METHODS: We conducted a prospective, single-center, observational study that included consecutive septic shock patients. Severity scores, early (before day 5) or late (on or after day 5 of septic shock onset) ICU mortality, and daily leukocyte counts were collected during the ICU stay. We assessed the association between leukocyte counts at admission and their evolution during the first 5 days with early or late death. The association between patient characteristics (including cell counts) and prognosis was estimated using Cox proportional cause-specific hazards models.
RESULTS: The study included 130 patients who were diagnosed with abdominal (n = 99) or extra-abdominal (n = 31) septic shock. The median (interquartile range) NLCR was 12.5 (6.5-21.2) in survivors and 6.2 (3.7-12.6) in nonsurvivors (p = 0.001). The NLCR at admission was significantly lower in patients who died before day 5 than in survivors (5 [3.5-11.6] versus 12.5 [6.5-21.2], respectively; p = 0.01). From day 1 to day 5, an increased NLCR related to an increase in neutrophil count and a decrease in lymphocyte count was associated with late death (+34.8 % [-8.2 to 305.4] versus -20 % [-57.4 to 45.9]; p = 0.003).
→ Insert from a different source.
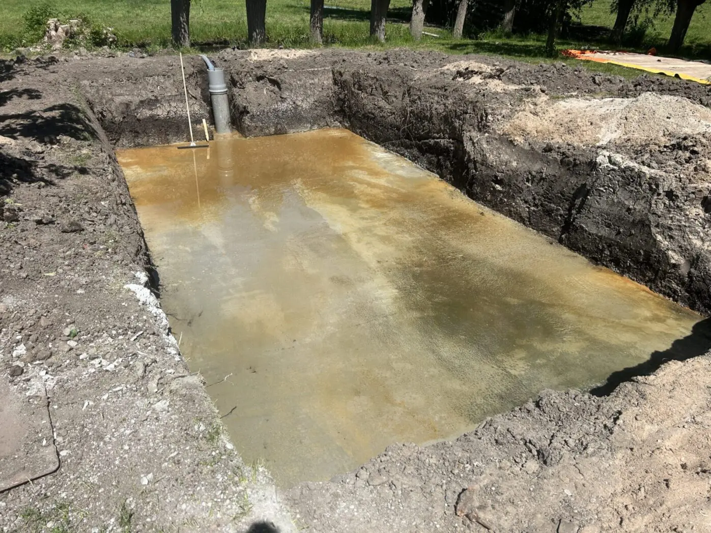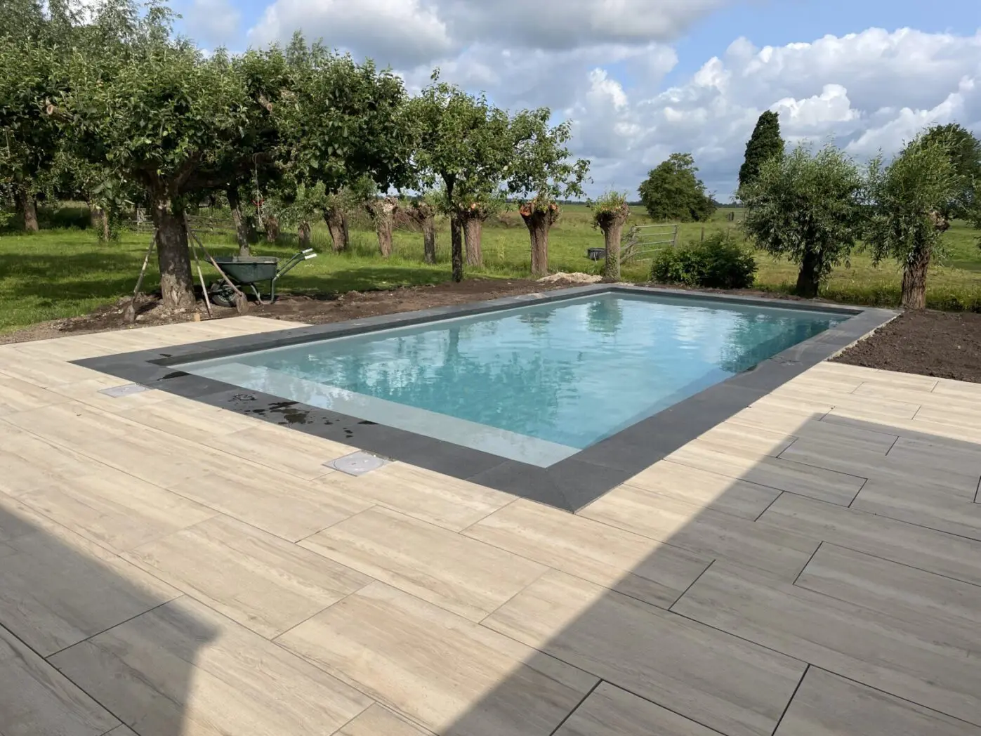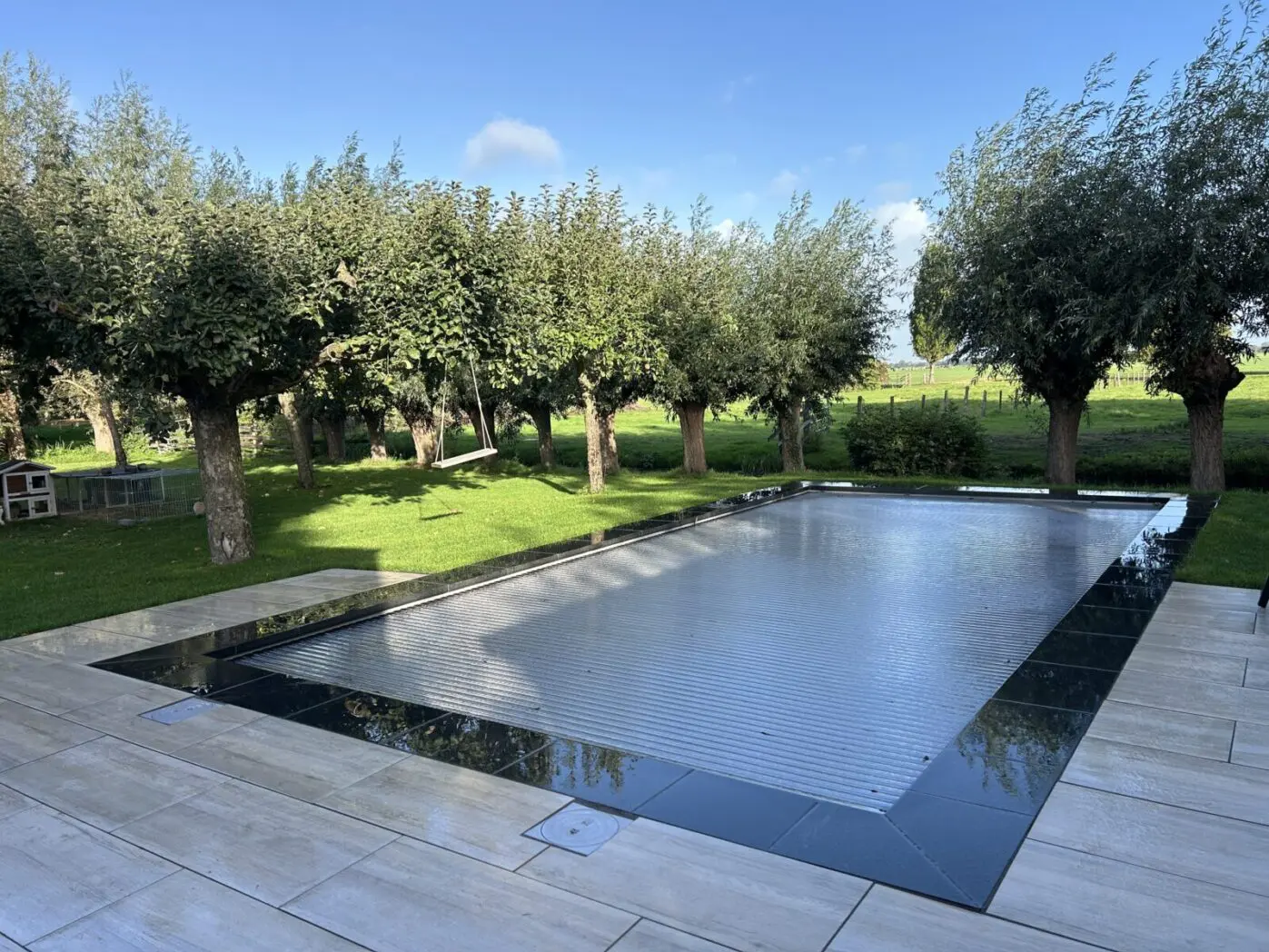 Kunststof HDPE rechte hoektrap met 3 treden, geplaatst tegen HDPE nis/plage, welke tevens dient als 1e trede van de trap

Those results were present in patients with abdominal origin sepsis as well as in those with extra-abdominal sepsis, who were analyzed separately.
CONCLUSIONS: In the present study, a reversed NLCR evolution was observed according to the timing of death. Septic shock patients at risk of early death had a low NLCR at admission, although late death was associated with an increased NLCR during the first 5 days.